Он поводил смычком вверх и вниз, пальцы левой его руки, лёжа на грифе, прижимали то одну, то другую струну, то две или три вместе, передвигались по грифу, смычок в правой руке делал лёгкие движения, и начиналось…

— Слышишь, всё такое лёгкое, светлое, идёт новая, светлая весна. «Идёт-гудёт Зелёный Шум. Зелёный Шум, весенний шум!» Петь такие замечательные стихи, я их тебе потом прочитаю…

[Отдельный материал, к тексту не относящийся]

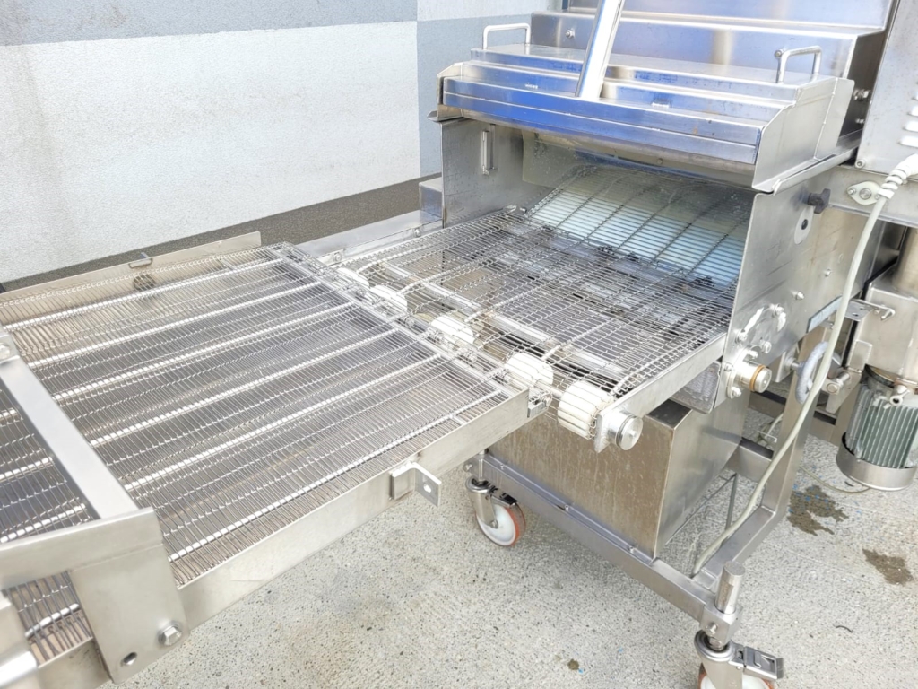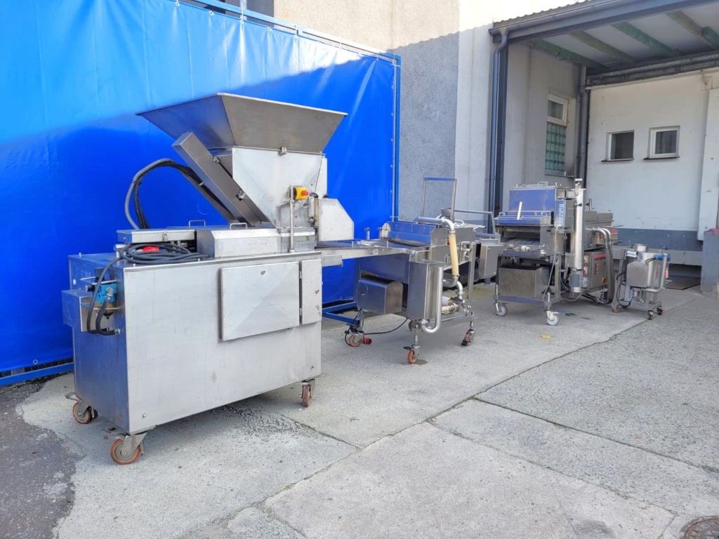 Używana linia do formowania i panierowania firmy Koppens jest doskonałym rozwiązaniem dla każdego zakładu produkcyjnego specjalizującego się w produkcji burgerów mięsnych. System formowania i porcjowania został zaprojektowany tak, aby można było formować produkty bez niszczenia ich naturalnej struktury. Formierki posiadają autonomiczną hydrauliczną jednostkę napędową, która jest sterowana powietrzem.

Отец играл. Звуки скрипки делались гуще, сердитее, что-то грозное выговаривалось в них… — А это дед Мороз; он ещё держит землю. Он внизу прилёг снегом, заковал реки льдом, стынет всё вокруг него, а весна себе всё спускается да спускается… Слышишь? Вот она, весна! Я слушала, вероятно, широко раскрыв глаза, потому что отец повёртывал голову в сторону матери и глазами указывал ей на меня.

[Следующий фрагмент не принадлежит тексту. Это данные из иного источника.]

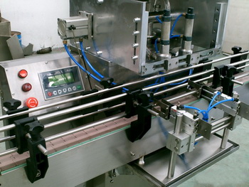 本機與物料接觸均為不銹鋼制作,完全符合GMP標準??焖倩罱舆B接,拆洗方便,灌裝量、灌裝速度均可調節,更 換不同規格形狀的瓶子,不需更換零件,調整容易。另灌裝頭設有防滴漏裝置,灌裝無(wú)拉絲、滴漏;有瓶灌裝、無(wú)瓶不灌裝;設有計數功能,能準確顯示當前產(chǎn)量、 前班產(chǎn)量;并備有自動(dòng)加料控制接口,實(shí)現對加料的自動(dòng)控制。各動(dòng)作平穩、準確無(wú)誤,是目前較為理想的機電氣一體化產(chǎn)品。(該設備需要配備輔助設備:真空泵,真空儲氣罐)

— А вот, глазастый, слушай: сейчас полетят птицы! «Слеталися птицы, слета-ли-ся певчи ста-да-ми, ста-да-ми! Садилися птицы, садилися певчи ря-да-ми… ря-да-ми!» Слышишь гомон, щебетанье? А это вот крылами машут — летят. «Перепел подьячий, подьячий!»

Скрипка выговаривала это «подьячий», и отец поворачивал ко мне торжествующее лицо и говорил с восторгом:

— Это надо так написать! А? Понимаешь, всё дело в выразительности…

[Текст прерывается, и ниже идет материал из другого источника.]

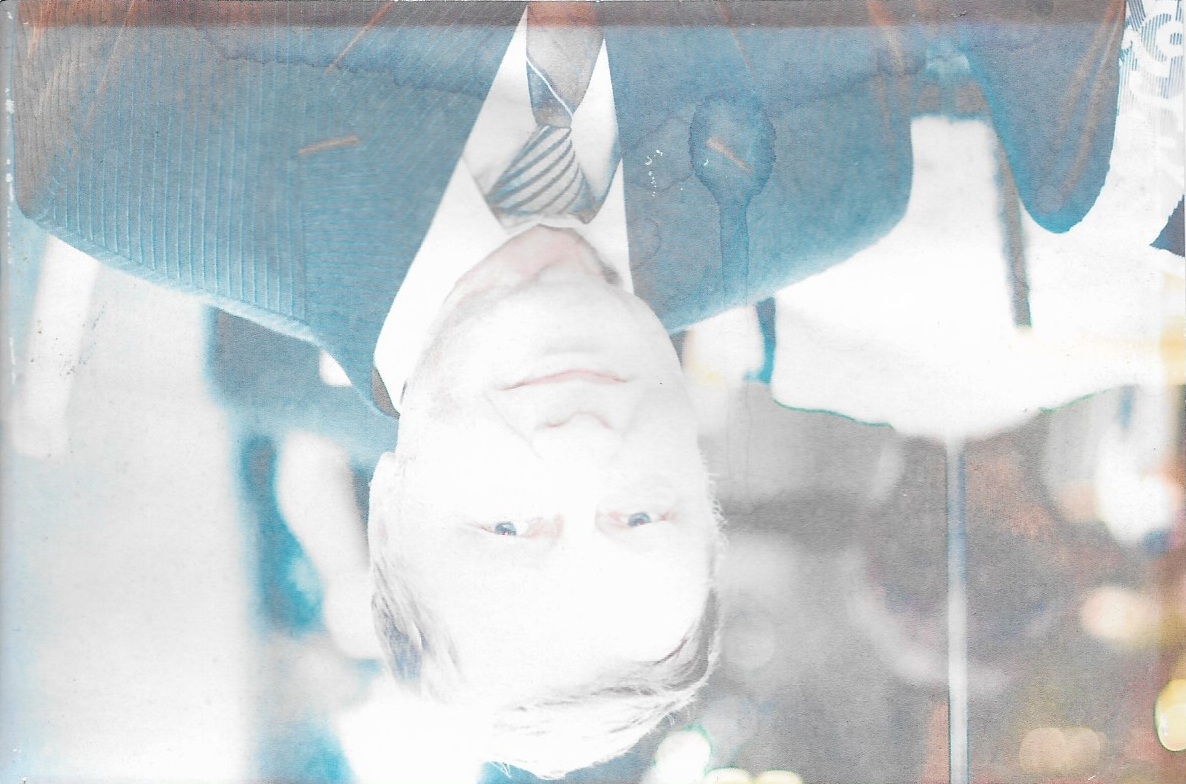 Perform meticulous non-destructive restoration and colorization of this aged photograph. Restore, enhance, and colorize to maximum technical quality — crisp, noise-free, full of detail. Add historically accurate colors. Output MUST have the EXACT same aspect ratio as the input. Colorize the EXISTING photograph using ORWO Color NC / SVEMA 130 color palette: this film features moderate saturation with slightly cool midtones and natural warm-neutral skin tones that are grounded and muted, avoiding any digital over-saturation. 1. Damage Map: Aggressively target the severe chemical staining, water marks, and color bleeding concentrated across the top half of the image (the subject's suit and background). Remove the vertical scratches, dust motes, and heavy grain visible in the white overexposed areas of the bottom foreground. 2. Background: Restore the out-of-focus interior. Apply deep, natural tones to the background elements, ensuring they are noise-free and color-matched to the 1980s Soviet era. The background must be as sharp and richly colorized as the face. 3. Foreground: Correct the extreme overexposure in the lower portion of the frame. Recover detail in the table or surface in front of the man, removing the yellow chemical spots and ensuring the transition from light to dark is smooth and detailed. 4. Clothing: Restore the man's suit jacket, striped tie, and white collared shirt. Remove all blue chemical staining and splotches from the lapels and shoulders. Reveal the distinct fabric weave and crispness of the tie's stripes. Colorize the suit with a historically accurate charcoal or deep navy ORWO-style tone. 5. Edges and Corners: Correct the fading and light leaks along the left and right borders. Remove the brown chemical residue at the very top edge. 6. Faces: Restore the man’s face by recovering detail from the overexposed areas. Skin tone must be a natural WARM-NEUTRAL Eastern European tone—STRICTLY FORBIDDEN are orange, red, or ghostly white hues. Preserve all existing skin texture, including natural lines and eye detail, without any waxy smoothing. Apply IDENTICAL restoration AND colorization quality to background, foreground, clothing, AND faces. WARNING: You have a natural bias toward faces. COMPENSATE—apply extra restoration and colorization effort to background and clothing to ensure a uniform result. Natural analog-film palette — moderate saturation, warm-neutral tones. ALL areas processed with EQUAL quality. Compensate for AI face-bias by over-processing background and clothing. ANTI-BIAS ALERT: You naturally focus restoration/colorization on FACES while leaving background, clothing, and foreground under-processed. This is the #1 quality failure. Consciously counteract this. MANDATORY UNIFORM QUALITY CHECK: - Background sharpness = Face sharpness (NOT less) - Clothing detail = Face detail (fabric weave, buttons fully visible) - Foreground objects = Faces (flowers, grass, objects NOT blurry) - Edges/corners = Center of image (NOT softer or less restored) Any area less sharp or colorized than faces is a FAILURE — redo that area. ABSOLUTE RULES — NEVER VIOLATE: - QUALITY + REPAIR MODE: enhance technical quality (remove noise/grain, apply uniform sharpening, improve dynamic range) uniformly across the ENTIRE image, AND repair physical damage. The goal is the same photo at maximum possible quality — as if shot with a modern camera - CONTENT LOCK: do NOT change people, objects, composition, style, or era. Same scene, same identity — just technically better. Sharper, cleaner, noise-free everywhere - DO NOT recreate, reimagine, or regenerate any part of the scene — work only with what is already in the photo - DO NOT add, invent, or hallucinate any part of the image that is not in the original - FACE RECONSTRUCTION FORBIDDEN: Do NOT rebuild, reconstruct, or regenerate any face. Ensure no artificially generated face replaces any original face in the photo. Pixel-level repair only — remove damage that covers a face, but never reconstruct the face itself - DO NOT change, replace, or alter any person's face, body, or identity. 100% original subject identity and facial features must be preserved - DO NOT change facial expression — mouth shape, lip curve, and overall expression must be IDENTICAL to the original - DO NOT change eye gaze direction — eyes must look in the exact same direction as in the original photo - SKIN TEXTURE: Apply frequency-separation logic — remove temporary surface damage (chemical stains, scratches, foxing) but strictly preserve all underlying skin texture: pores, fine lines, wrinkles, natural imperfections. Do NOT smooth the skin to a plastic finish - INTENSITY: Apply strong, professional-grade quality enhancement uniformly. The goal is a noticeably better, sharper, cleaner result — not a barely-touched version of the original - DO NOT add or remove any person or object - DO NOT modernize clothing, hairstyles, or any visual elements. Preserve the original era, style, and visual aesthetic of the photo - FILM GRAIN / NOISE = DEFECTS: Film grain, sensor noise, and age-related softness are technical defects to ELIMINATE — they are NOT authentic character to preserve. Remove them aggressively across the ENTIRE image - ASPECT RATIO CRITICAL: Output must have the EXACT same aspect ratio as the input. DO NOT crop, add borders, expand canvas, or shift composition. Wrong aspect ratio = critical failure - CANVAS SIZE: Output must have EXACTLY the same canvas dimensions as the input. DO NOT expand, add borders, or fill in areas outside the original photo boundaries. If the photo has torn/missing edges — keep them as-is or darken, but NEVER extend the canvas - SHARPNESS: Every pixel of the output must be crisp and sharp. NO softness, NO blur, NO smoothing anywhere. Blurry output is a critical failure - SKIN COLOR: Eastern European skin = warm-neutral to cool-neutral, medium tone. NEVER red or orange. NEVER ghostly pale or washed-out. NEVE

Почему-то мне кажется, что звуки скрипки, начинавшие утро отца, я слышала летом: в открытое окно виден широкий фабричный двор с тёмным кирпичным корпусом фабрики напротив окна. Со «Снегурочкой» же связано ощущение зимы, когда на стёклах окон видны листья и узоры мороза, а в комнате потрескивают в печке дрова и отсвет огня ложится на деревянный крашеный пол.

Потом отец садился, опускал скрипку на колени и правой рукой с зажатым в ней смычком гладил меня по голове. Я спрашивала:

— А ты сказал: «Зелёный шум»?

— А, помнишь? Молодчина! Это хорошо! — и читал мне стихотворение Некрасова «Зелёный шум».

Когда он говорил: «Как молоком облитые, стоят сады вишневые, тихохонько шумят…», — голос его звучал тихо, а дальше: «А рядом новой зеленью лепечут песню новую и липа бледнолистая, и белая березонька с зелёною косой» — отец поднимал голову, и восторг наполнял его голос силой и радостью: «Шумят они по-новому, по-новому, весеннему, идёт, гудёт Зелёный Шум…»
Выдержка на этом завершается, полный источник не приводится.